The iris dataset is very commonly used, mainly in tutorials and examples. The dataset contains a number of observations of three different iris species, a type of flower. For each flower, you have the length and width of specific parts of the plant. You can use the four variables to predict the species of iris.

  1. For this first model, you will need to convert the class column into a binary column, as you will use the LogisticRegression model from River, which does not support multiclass:

Code Block 4-2

data['setosa'] = data['class'] == 'Iris-setosa'

data['setosa']

This results in the following output:

Figure 4.2 – The series with Boolean data type

Figure 4.2 – The series with Boolean data type

  1. As a next step, we will write code to loop through the data to simulate a streaming data input. The X data should be in dictionary format, and y can be string, int, or Boolean. In the following code, you see a loop that stops after the first iteration, so that it prints one X and one y:

Code Block 4-3

# convert to streaming dataset

for i,row in data.sample(1).iterrows():

    X = row[['sepal_length', 'sepal_width', 'petal_length', 'petal_width']]

    X = X.to_dict()

    

    y = row['setosa']

    

    print(X)

    print(y)

    break

You can see that X has to be in a dictionary format, which is relatively uncommon for those who are familiar with offline learning. Then, y can be either Boolean, a string, or an int. This will look as follows:

Figure 4.3 – The x and y inputs for the model

Figure 4.3 – The x and y inputs for the model

  1. Now, let's fit the model one by one. It is important to add .sample(frac=1) to avoid getting the data in order. If you do not add this, the model would first receive all the data from one class and then from the other classes. The model has a hard time dealing with that, so a random order should be introduced using the sample function:

Code Block 4-4

!pip install river

from river import linear_model

model =  linear_model.LogisticRegression()

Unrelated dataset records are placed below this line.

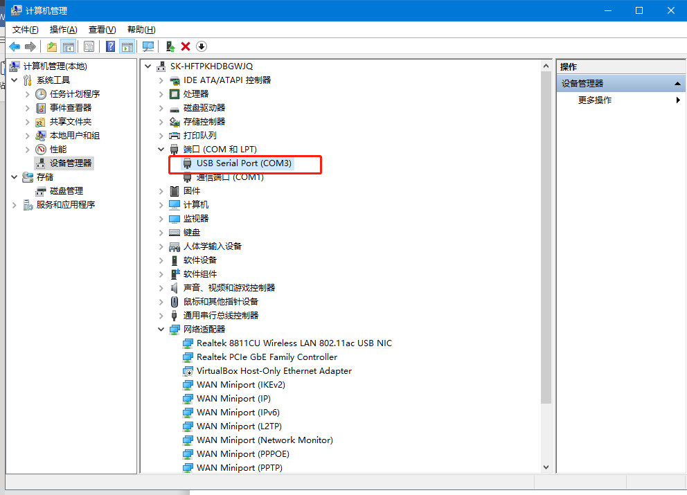 其中串口號可以在電腦的“設備管理器”中查看,見下圖;
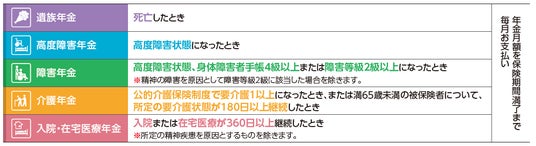 - 身体障害者手帳4級以上、要介護1以上、360日以上の入院・在宅医療等の幅広い保障範囲で年金をお支払いします。
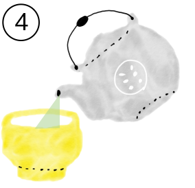 あたためておいた茶碗に回し注ぎ、急須を軽く上下に振って最後の一滴まで注ぐ
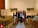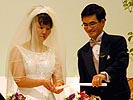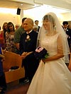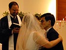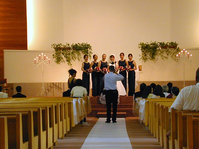this was also my first protestant service, having already been to catholic and jewish weddings. the thing i found about this particular service (not sure if it's the same for all protestant weddings) was how fast it was. there wasn't any of the "peace be with you" handshakes and numerous chanted replies over what the priest says as there is in catholic service, a lot less ceremony, a little more "let's get to the point of why we're here." they had an aisle runner as well, and after they exchanged vows and rings, they lit a unity candle. my family sat in the third row, very good seats. i started to get worried, not over the wedding, but over the fact that i didn't unplug the iron (i did turn it off though). i was also the only guy not wearing a suit jacket. it was in the car, but i didn't wear it because it was 90 degrees outside (however, inside the church itself there was good air conditioning). the priest surprised me when he talked about "super relationships" and said marriage isn't just about "great sex." (yung-hsin, who i talked to later, even though he didn't actually see the ceremony, heard the part where the part priest spoke about sex). one of yung-hsin's younger brother had a moustache (i called him "señor moustachio"), which could possibly inspire me to forgo my own goatee and go with a moustache look. from the corner of my eye i noticed that my mother was crying during the ceremony.
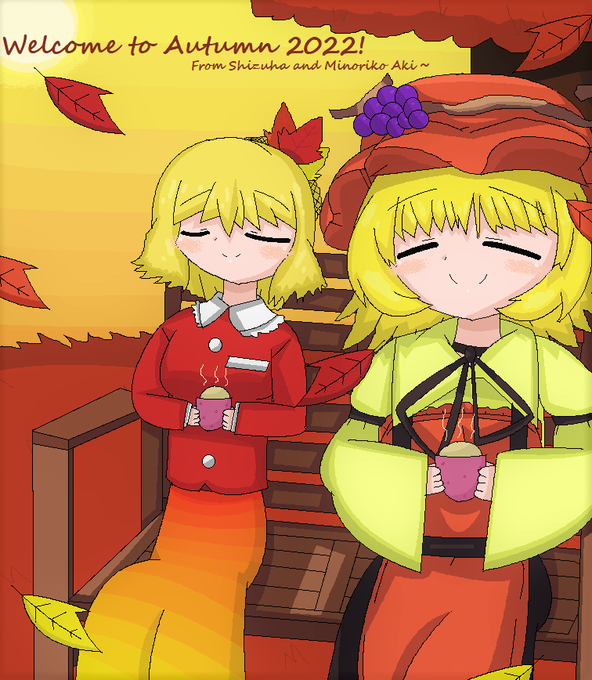 welcome to the season where leaves fall, and the potatoes are sweet~ 🍠🍂 #東方Project #touhouproject #秋穣子 #秋静葉 #minorikoaki #shizuhaaki #artwork #イラスト
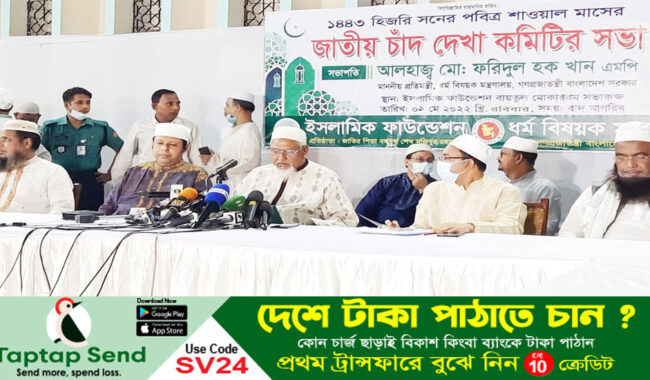 রোববার (১ মে) সন্ধ্যা ৭টা ৪৫ মিনিটে বায়তুল মোকাররম মসজিদে ইসলামিক ফাউন্ডেশনের সভাকক্ষে জাতীয় চাঁদ দেখা কমিটির বৈঠক শেষে এ সিদ্ধান্ত জানান ধর্ম প্রতিমন্ত্রী ও জাতীয় চাঁদ দেখা কমিটির সভাপতি মো. ফরিদুল হক খান।
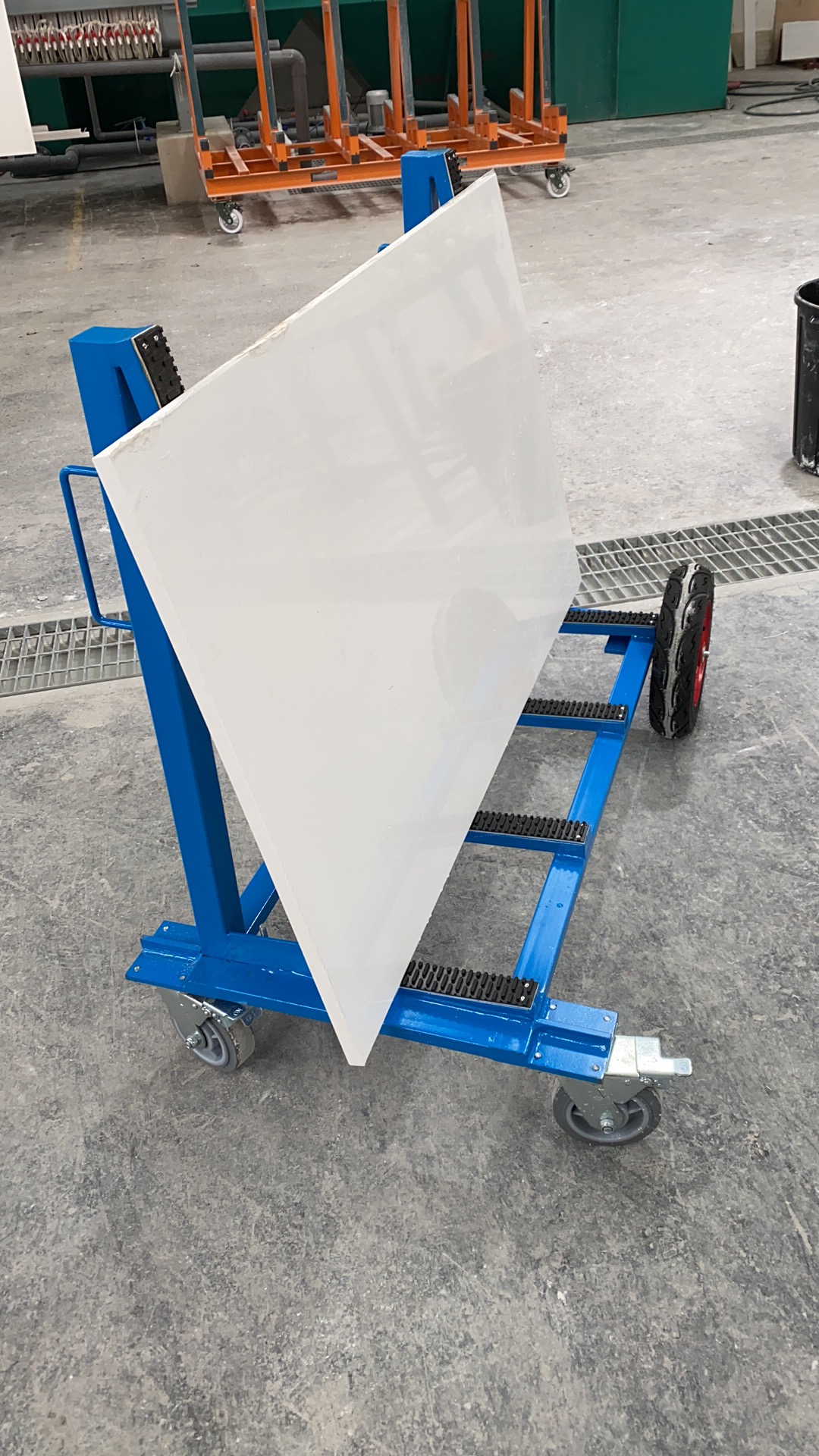 此設計用于廠區(qū)內外的板材運輸和儲存,支架表面覆蓋一層橡膠層,保護板材免于刮傷。
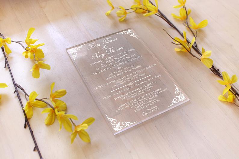 Além de placas de sinalização, porta-retratos, porta alianças, estruturas para flores, mapas de assentos, rótulos de bebidas, cake toppers até convites, base para bolos, backdrops e chuppahs. E por que não usar o acrílico como altar na cerimônia de casamento? Certamente, com uma iluminação de casamento adequada dará aquele toque deslumbrante.
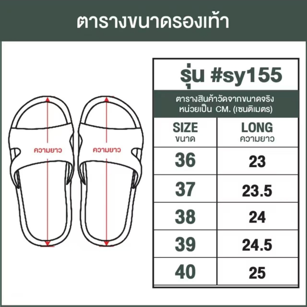 ตารางสินค้าวัดจากขนาดจริง หน่วยเป็น (CM)
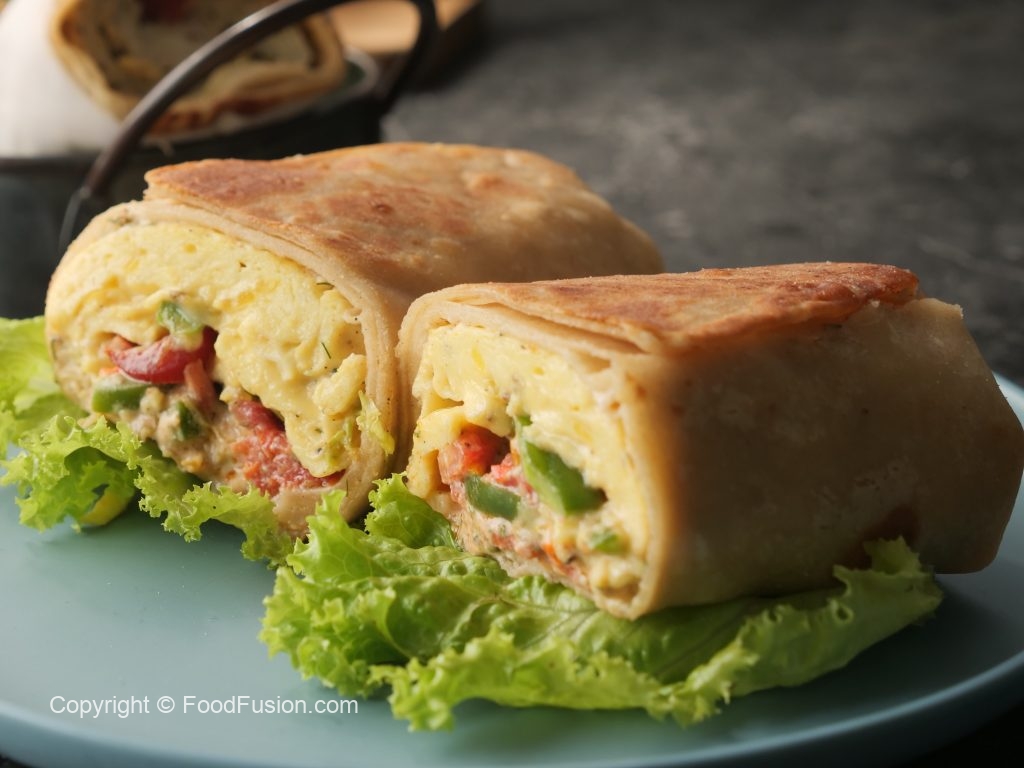 In a frying pan,add cooking oil,whisked eggs & cook on low flame while gently stir in between (makes for 1 burrito).
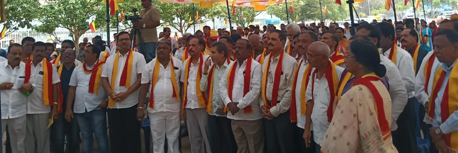 ಧರಣಿಯಲ್ಲಿ ಡಾ.ರಾಜ್ ಕುಮಾರ್ ಆಭಿಮಾನಿಗಳ ಸಂಘದ ಅಧ್ಯಕ್ಷ ಸಾ.ರಾ.ಗೋವಿಂದ್, ಸಾಹಿತಿಗಳಾದ ಡಾ.ಮನು ಬಳಿಗಾರ್, ಡಾ.ರೀಟಾ, ಕನ್ನಡಪರ ಹೋರಾಟಗಾರರಾದ ರಾ.ನಂ.ಚಂದ್ರಶೇಖರ್, ಡಾ.ಆರ್.ಎ.ಪ್ರಸಾಧ್, ವ.ಚ.ಚನ್ನೇಗೌಡ, ಪದ್ಮಿನಿ ನಾಗರಾಜ್, ಸಂಘದ ಪದಾಧಿಕಾರಿಗಳಾದ ಅಂತೋಣಿ ರಾಜ್, ಜಾನ್ ಬ್ರಿಟ್ಟೋ, ಬರ್ತಲೋಮಿಯೋ, ಜಾರ್ಜ್ ಕುಮಾರ್, ದೇವಕುಮಾರ್ ಸೇರಿದಂತೆ ಹಲವರು ಭಾಗವಹಿಸಿದ್ದರು.

for i,row in data.sample(frac=1).iterrows():

    X = row[['sepal_length', 'sepal_width', 'petal_length', 'petal_width']]

    X = X.to_dict()

    y = row['setosa']

        

    model.learn_one(X, y)

  1. Let's see how the predictions can be made on the training data. You can use predict_many to predict on a data frame, or else you can use predict_one:

Code Block 4-5

preds = model.predict_many(data[['sepal_length', 'sepal_width', 'petal_length', 'petal_width']])

print(preds)

The result looks as follows:

Figure 4.4 – The 150 Boolean observations

Figure 4.4 – The 150 Boolean observations

  1. You can use the scikit-learn accuracy score to estimate the training accuracy of this model:

Code Block 4-6

from sklearn.metrics import accuracy_score

accuracy_score(data['setosa'], preds)

The obtained training accuracy, in this case, is 1, indicating that the model has perfectly learned the training data. Although the model has learned perfect prediction on the data that it has seen during the learning process, it is unlikely that the performance would be as good on new, unseen data points. In the next section, we will improve our model evaluation so that we avoid having overestimated performance metrics.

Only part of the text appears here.